> [GOAL OF THE EXERCISE]
Please copy only the material from the line that has "socket模块是实现套接字" to the very last line, both ends included, exactly as written and without pictures.

> [EXTRACTED RECORDS]
++++++++

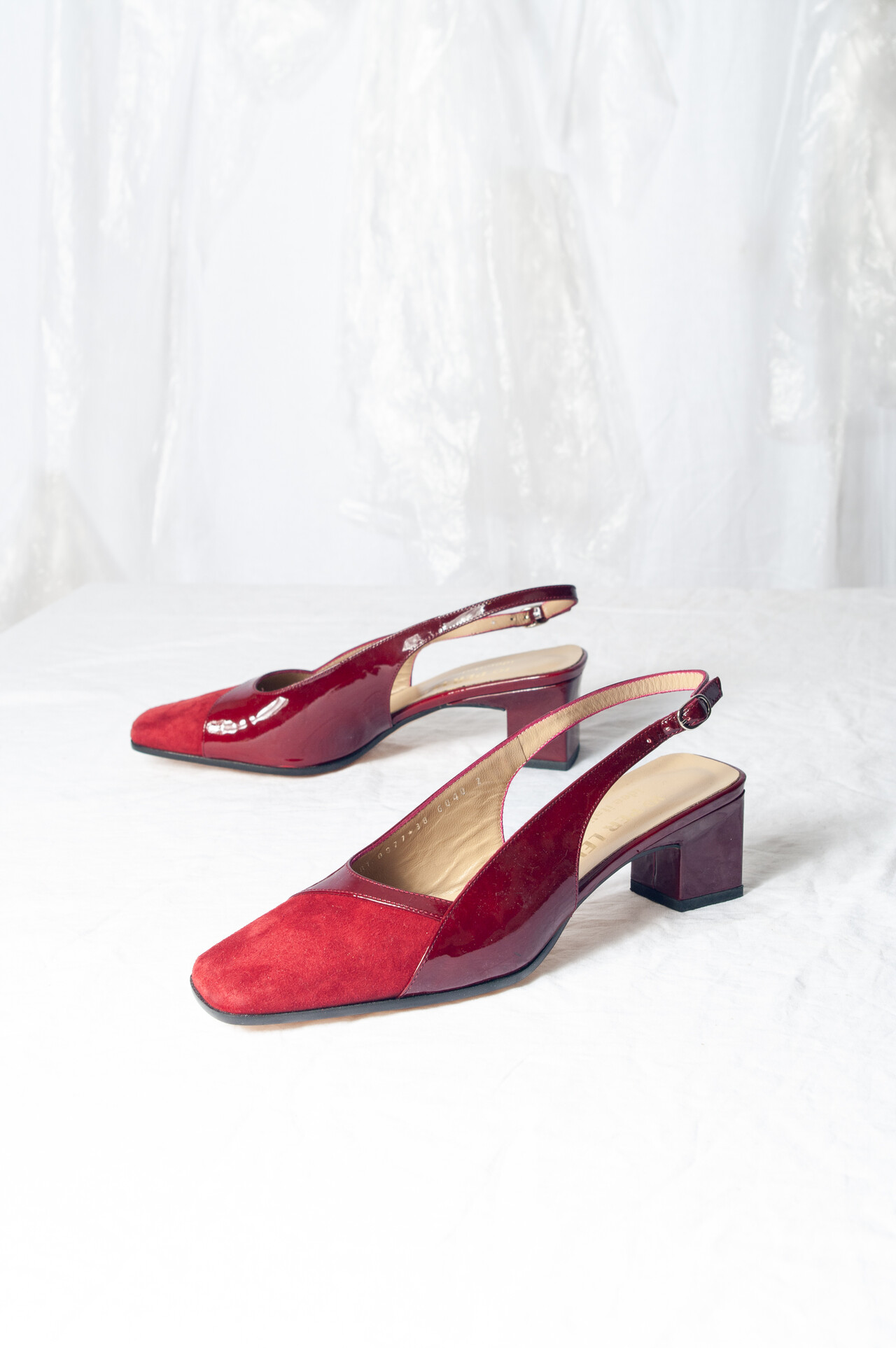 Tags: 2000s vintage, block heels, elegant footwear, European vintage, leather shoes, made in Italy, maroon sandals, occasionwear, y2k style accessory
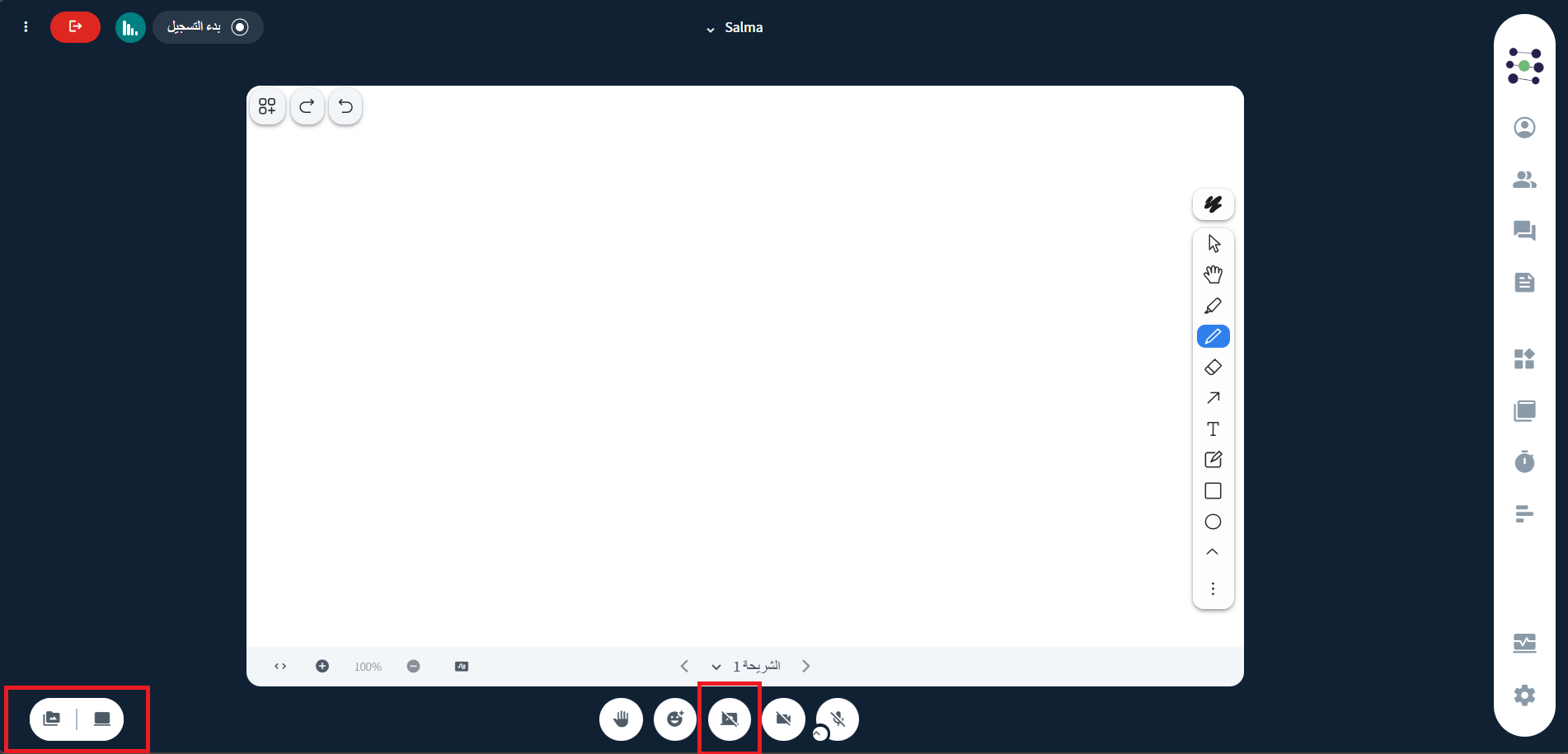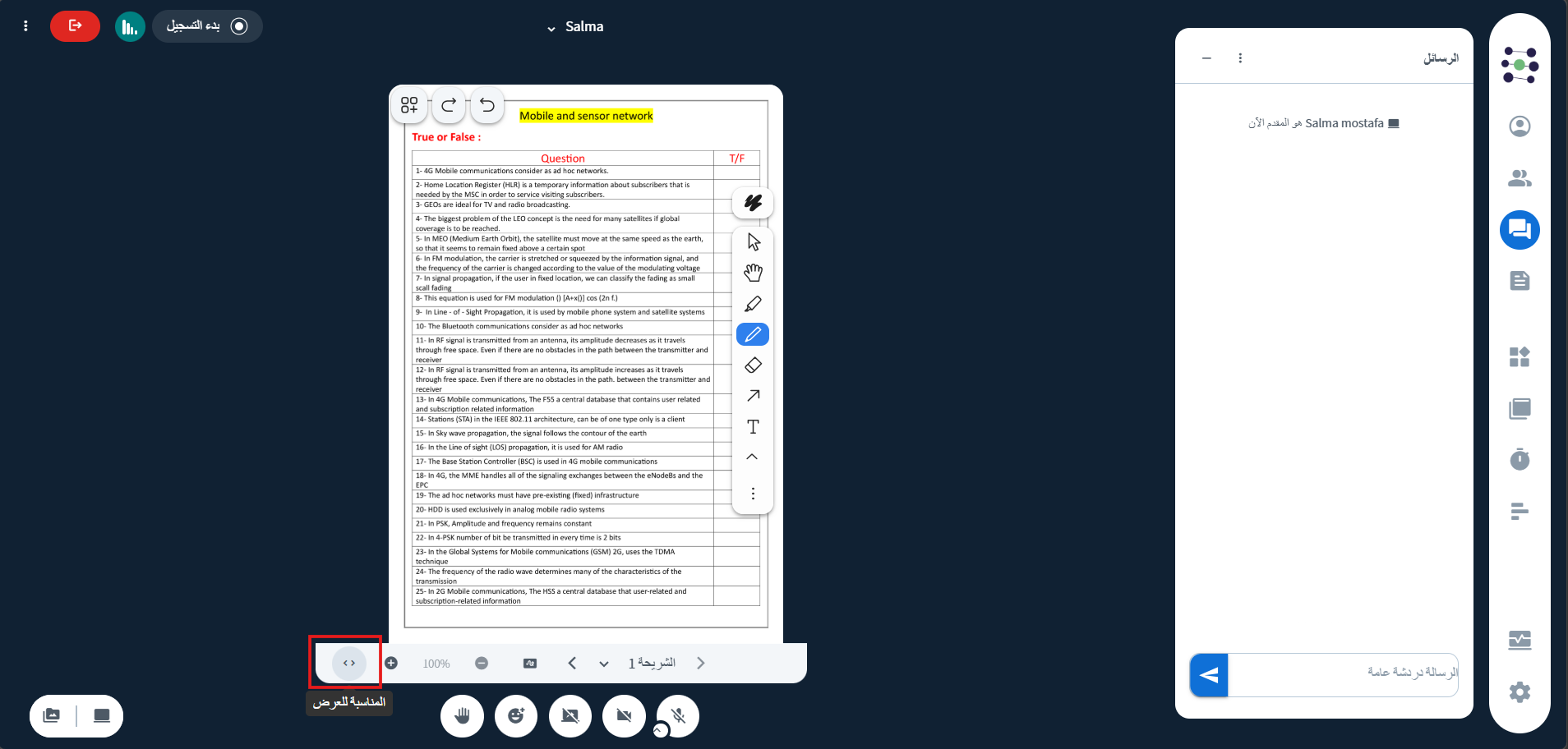 ويمكن للمقدم استخدام هذه الأدوات للكتابة أو التوضيح أو الرسم مباشرة على المحتوى المعروض لشرح النقاط المهمة بشكل أوضح.
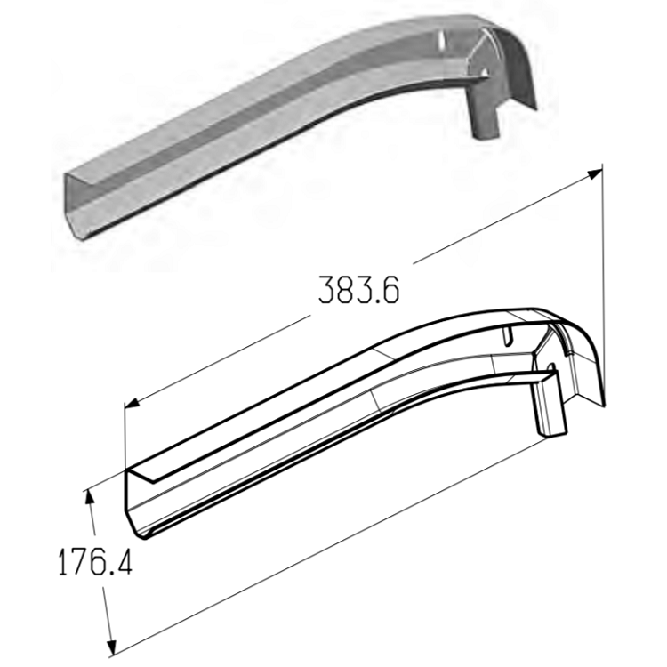 Предназначен для создания траектории движения верхней панели полотна ворот совместно с профилем направляющим (PRG-31, PRG-32).
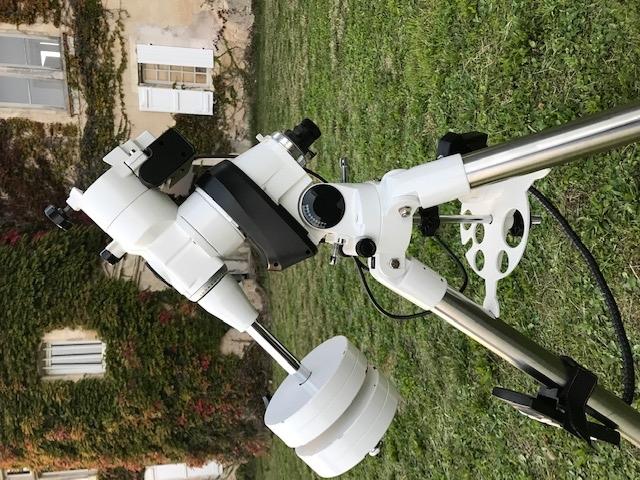 Bonjour, je vends mon NEQ5 Goto, achetée neuve en juillet 2017. Inclus trépied avec tablette, 2 contrepoids de 5 kg, viseur polaire (nouveau réticule) centré /molettes de réglages à la place des vis, câble d'alimentation allume-cigare. Boîtier électronique changé en mars 2020. Je la vends avec une raquette Synscan qui n'est pas la dernière génération, mais qui fait très bien le boulot, et avec le module Synscan wi-fi pour contrôler la monture d'un smartphone ou tablette, plus pratique que la raquette. A voir sur secteur sud Lot-et-Garonne, je peux me déplacer sur Agen et alentours.
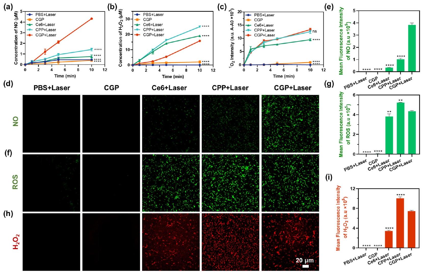 To corroborate the aforementioned results, we employed CLSM to observe the production of NO, ROS, and
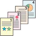 Объединение 2 или 4 листов оригинала на 1 печатной странице. Можно выбрать макет страницы и тип линий границы на странице.
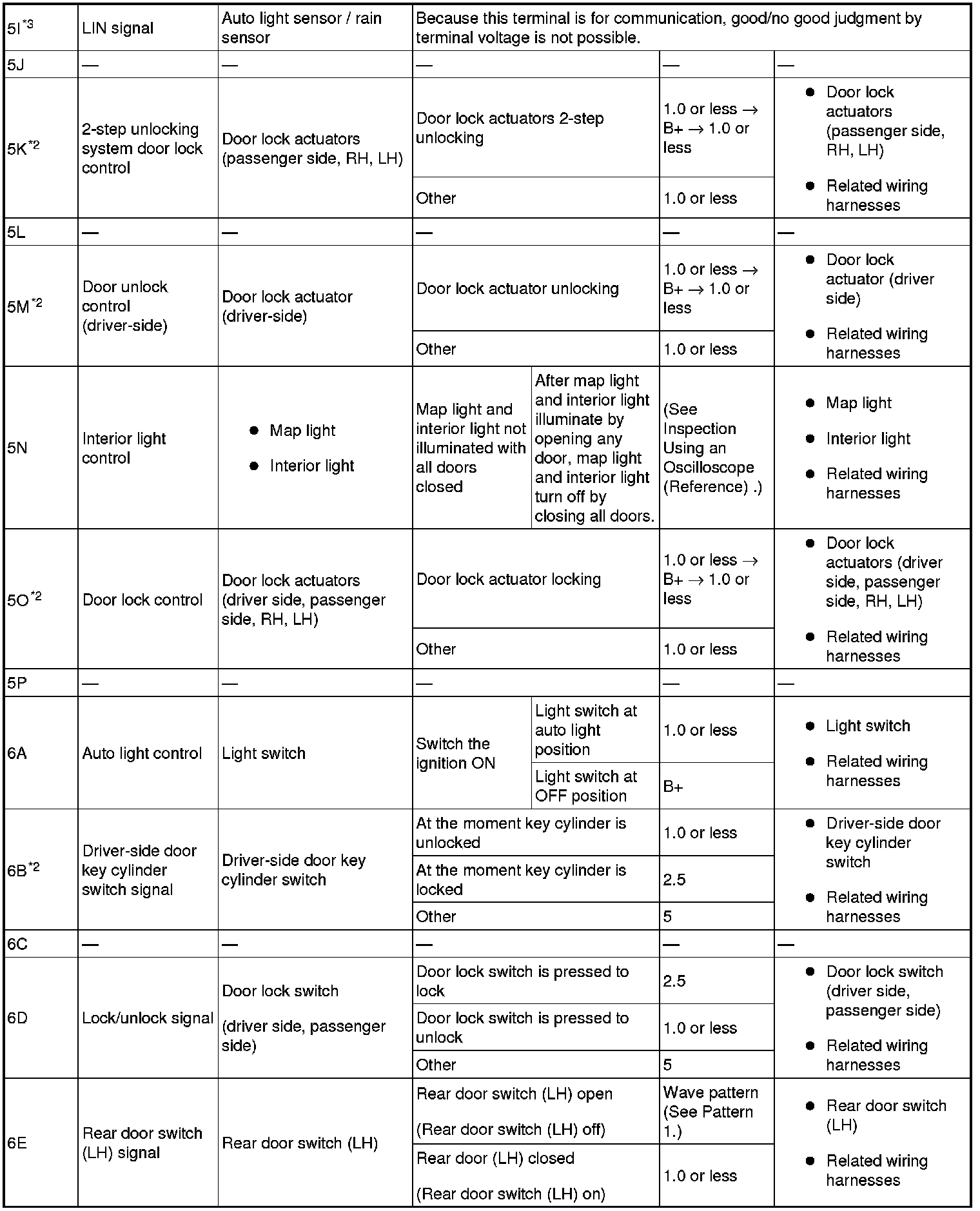 - Lock/unlock input (passenger-side door lock-link switch) (rear door lock link switch (RH, LH)): 6J (+) -> body ground (-)
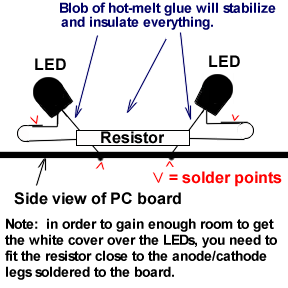 of the LEDs and resistor.
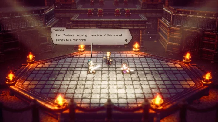 ในสนามประลองเราจะได้เจอกับ ยูรินาส แชมป์เก่าของสนามประลองแห่งนี้ สำหรับยูรินาสนั้นจะค่อนข้างเก่งอยู่บ้าง หากใครที่เลเวลยังไม่สูงจะไม่สามารถเอาชนะเธอได้ หากต้องการชนะก็ควรจะมีเลเวลประมาณ 40 ขึ้นไป ในการต่อสู้นี้เราไม่จำเป็นต้องเอาชนะเธอก็ได้เควสก็จะเสร็จอยู่ดี แต่หากชนะเธอได้เราจะได้รับเครื่องประดับที่ชื่อว่า Champion’s Belt เมื่อใส่จะเพิ่มพลังโจมตีกายภาพ 100 และคริติคอลอีก 100 นับว่าเป็นเครื่องประดับที่ดีมาก ในกรณีที่เราแพ้เธอหากต้องการได้รับ Champion’s Belt ก็ให้กลับมาที่เคาท์เตอร์แล้วคุยกับเจ้าหน้าที่เพื่อท้าทายเธออีกครั้งก็ยังได้ ทุกครั้งที่เอาชนะเธอได้เราก็ได้รับ Champion’s Belt มา
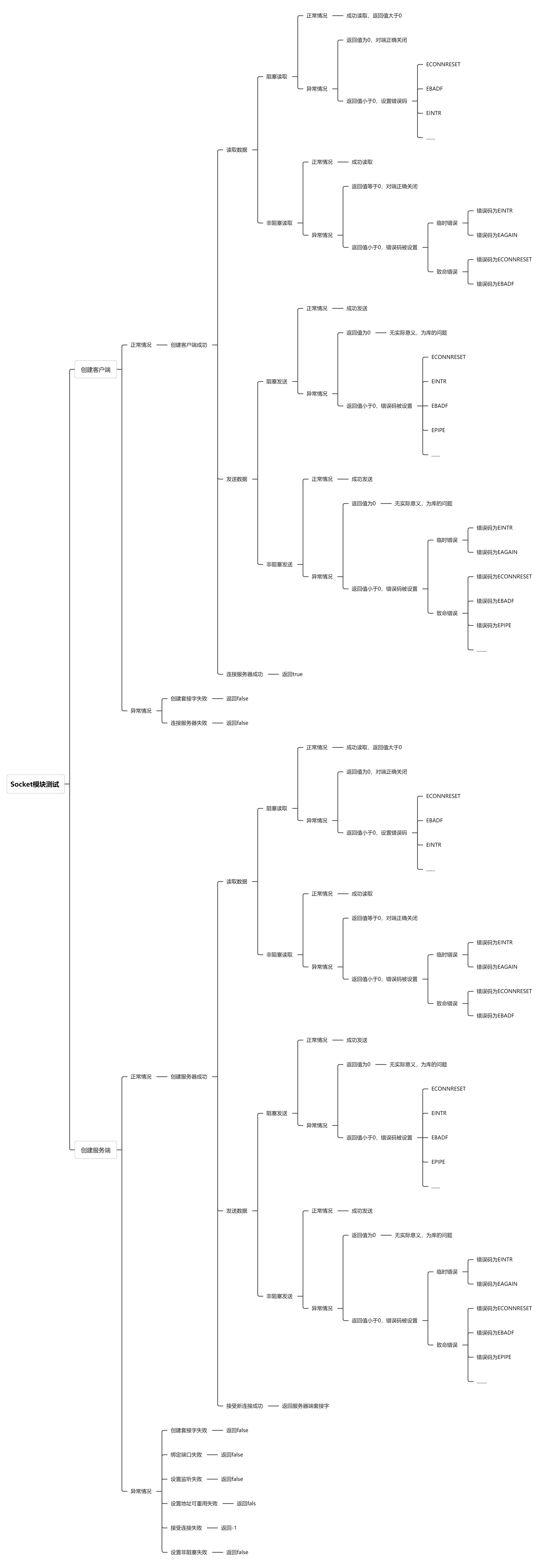 socket模块是实现套接字函数的封装,用于构建服务器端和客户端,针对这个模块,通过场景法,我设置了以下的单元测试用例:
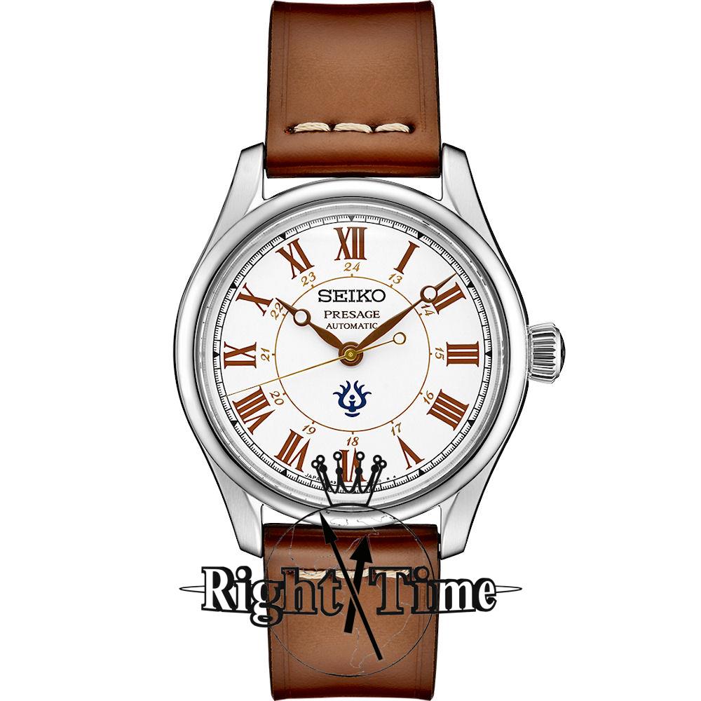 Seiko "Castle in the Sky" model SPB215 automatic wrist watch from Seiko Presage Collection. Limited Edition of 1200 pieces. SEIKO Japanese made Automatic movement Caliber 6R31. Stainless steel case, screw-down observation back. White color dial with Roman numerals. Brown leather band. Water resistant to 100 meters.

++++++++

> [ANSWER BOX]
 socket模块是实现套接字函数的封装,用于构建服务器端和客户端,针对这个模块,通过场景法,我设置了以下的单元测试用例:
 Seiko "Castle in the Sky" model SPB215 automatic wrist watch from Seiko Presage Collection. Limited Edition of 1200 pieces. SEIKO Japanese made Automatic movement Caliber 6R31. Stainless steel case, screw-down observation back. White color dial with Roman numerals. Brown leather band. Water resistant to 100 meters.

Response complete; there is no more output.